If we directly apply this method to your (6), there is an immediate problem -- the remainder on the first division contains $kT$ to the first power. To avoid this, we start with $\left(\Delta \xi_k^r\right)^2$ and perform the repeated division. Much algebra later, we obtain $$0 = -9 \left(\ddot{\eta_0^r}\right)^3 \left(\Delta\xi_k^r\right)^2 \\ {}+ \left( -6 \dot{\eta_0^r} \left(2u_\xi^r \left(\dot{\eta_0^r}\right)^2 + 3 \dot{\xi_0^r} \left( \ddot{\eta_0^r} \right)^2 -3 \dot{\eta_0^r} \ddot{\eta_0^r} \ddot{\xi_0^r}\right) -18 \ddot{\eta_0^r} \left( u_\xi^r \dot{\eta_0^r}-\ddot{\eta_0^r}\ddot{\xi_0^r} \right) \Delta\eta_k^r \right) \Delta\xi_k^r \\ {}+ \left( \left( 6 \dot{\xi_0^r}\left( 2 u_\xi^r \left( \dot{\eta_0^r}\right)^2 + 3 \dot{\xi_0^r} \left( \ddot{\eta_0^r}\right)^2 - 3 \dot{\eta_0^r} \ddot{\eta_0^r} \ddot{\xi_0^r} \right) \right) + \left( 3 \left( 4 u_\xi^r \dot{\xi_0^r} \ddot{\eta_0^r} + 2 u_\xi^r \dot{\eta_0^r} \ddot{\xi_0^r} - 3 \ddot{\eta_0^r} \left( \ddot{\xi_0^r} \right)^2 \right) \right) \Delta\eta_k^r + \left( 2 \left(u_\xi^r\right)^2 \right) \left( \Delta\eta_k^r \right)^2 \right) \Delta\eta_k^r \text{.} $$ This result is cubic in $\Delta\eta_k^r$ and quadratic in $\Delta\xi_k^r$, about the best that can be expected from eliminating between a cubic and quadratic, so this is a cubic curve.

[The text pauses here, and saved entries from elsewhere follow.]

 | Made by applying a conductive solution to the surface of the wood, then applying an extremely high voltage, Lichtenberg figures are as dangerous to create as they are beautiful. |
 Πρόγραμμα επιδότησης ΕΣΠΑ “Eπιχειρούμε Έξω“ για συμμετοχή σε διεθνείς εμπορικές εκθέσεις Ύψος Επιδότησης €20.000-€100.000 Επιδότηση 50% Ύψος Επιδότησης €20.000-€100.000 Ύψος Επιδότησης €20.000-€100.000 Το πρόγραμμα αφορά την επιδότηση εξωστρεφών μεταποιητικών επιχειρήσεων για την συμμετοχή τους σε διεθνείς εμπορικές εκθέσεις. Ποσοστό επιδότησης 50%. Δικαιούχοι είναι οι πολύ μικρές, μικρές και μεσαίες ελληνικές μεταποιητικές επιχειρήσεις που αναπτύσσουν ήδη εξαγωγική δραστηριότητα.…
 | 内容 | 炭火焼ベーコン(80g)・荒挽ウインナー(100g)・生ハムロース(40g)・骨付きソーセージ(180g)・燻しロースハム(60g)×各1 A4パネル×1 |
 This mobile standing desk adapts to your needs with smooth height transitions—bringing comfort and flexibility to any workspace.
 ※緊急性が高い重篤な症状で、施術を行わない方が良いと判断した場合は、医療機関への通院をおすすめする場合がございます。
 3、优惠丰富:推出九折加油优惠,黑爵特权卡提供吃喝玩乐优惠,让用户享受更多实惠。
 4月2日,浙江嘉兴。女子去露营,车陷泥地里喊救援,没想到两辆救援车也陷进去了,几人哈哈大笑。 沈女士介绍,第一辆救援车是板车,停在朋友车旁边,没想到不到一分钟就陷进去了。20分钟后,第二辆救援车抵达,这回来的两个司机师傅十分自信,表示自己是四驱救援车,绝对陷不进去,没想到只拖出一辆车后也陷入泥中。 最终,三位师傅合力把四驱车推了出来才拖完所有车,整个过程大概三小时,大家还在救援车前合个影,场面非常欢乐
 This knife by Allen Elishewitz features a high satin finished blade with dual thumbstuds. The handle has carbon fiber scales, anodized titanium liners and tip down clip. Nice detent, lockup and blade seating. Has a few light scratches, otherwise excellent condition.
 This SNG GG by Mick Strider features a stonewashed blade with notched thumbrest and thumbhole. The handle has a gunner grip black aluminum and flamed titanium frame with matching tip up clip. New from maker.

If we go back to system (1) and raise $\xi_k$ and $\eta_k$ to the powers $1$, $2$, and $3$, then eliminate as much as we can between the cubes, then eliminate as much as we can by including the squares, then eliminate as much as we can by including the linear powers, we obtain the equation, where we have used the centered $\xi_k^c = \xi_k - \xi_0$ and $\eta_k^c = \eta_k - \eta_0$, $$ \left( 1, \eta_k^c, \left( \eta_k^c \right)^2, \left( \eta_k^c \right)^3 \right) \cdot \begin{pmatrix} 0 & 6 \dot{\eta_0}\left( 3 \ddot{\xi_0}^2 \dot{\eta_0} u_\eta -3 \ddot{\eta_0} \ddot{\xi_0} \dot{\xi_0} u_\eta +2 \dot{\xi_0}^2 u_\eta^2 -3 \ddot{\eta_0}\ddot{\xi_0}\dot{\eta_0}u_\xi +3 \ddot{\eta_0}^2 \dot{\xi_0} u_\xi -4 \dot{\eta_0}\dot{\xi_0}u_\eta u_\xi +2 \dot{\eta_0}^2 u_\xi^2 \right) & 3 \left( -3 \ddot{\eta_0}^2 \ddot{\xi_0} u_\eta +4 \ddot{\xi_0} \dot{\eta_0} u_\eta^2 +2 \ddot{\eta_0} \dot{\xi_0} u_\eta^2 +3 \ddot{\eta_0}^3 u_\xi -6 \ddot{\eta_0}\dot{\eta_0}u_\eta u_\xi \right) & 2 u_\eta^3 \\ -6 \dot{\xi_0} \left( 3 \ddot{\xi_0}^2 \dot{\eta_0} u_\eta -3 \ddot{\eta_0} \ddot{\xi_0} \dot{\xi_0} u_\eta +2 \dot{\xi_0}^2u_{\eta}^2 -3 \ddot{\eta_0} \ddot{\xi_0}\dot{\eta_0}u_\xi +3 \ddot{\eta_0}^2 \dot{\xi_0} u_\xi -4 \dot{\eta_0}\dot{\xi_0}u_\eta u_\xi +2 \dot{\eta_0}^2 u_\xi^2 \right) & -6 \left( -3 \ddot{\eta_0}\ddot{\xi_0}^2 u_\eta +3 \ddot{\xi_0} \dot{\xi_0}u_\eta^2 +3 \ddot{\eta_0}^2 \ddot{\xi_0} u_\xi + \ddot{\xi_0}\dot{\eta_0}u_\eta u_\xi - \ddot{\eta_0}\dot{\xi_0}u_\eta u_\xi -3 \ddot{\eta_0} \dot{\eta_0} u_\xi^2 \right) & -6 u_\eta^2 u_\xi & 0 \\ - 3 \left( 3 \ddot{\xi_0}^3u_\eta - 3 \ddot{\eta_0}\ddot{\xi_0}^2 u_\xi - 6 \ddot{\xi_0} \dot{\xi_0} u_\eta u_\xi + 2 \ddot{\xi_0} \dot{\eta_0} u_\xi^2 + 4\ddot{\eta_0} \dot{\xi_0} u_\xi^2 \right) & 6 u_\eta u_\xi^2 & 0 & 0 \\ -2 u_\xi^3 & 0 & 0 & 0 \end{pmatrix} \cdot \begin{pmatrix} 1 \\ \xi_k^c \\ \left( \xi_k^c \right)^2 \\ \left( \xi_k^c \right)^3 \end{pmatrix} = 0 $$ The "$0$"s in the lower-right triangle are evidence that we had successful cancellation of terms with total degree exceeding $3$. The $0$ in the upper-left entry shows that there is no constant term (which is what we expect from the centered variables, providing weak evidence that any errors in the above are transcriptional, not arithmetical).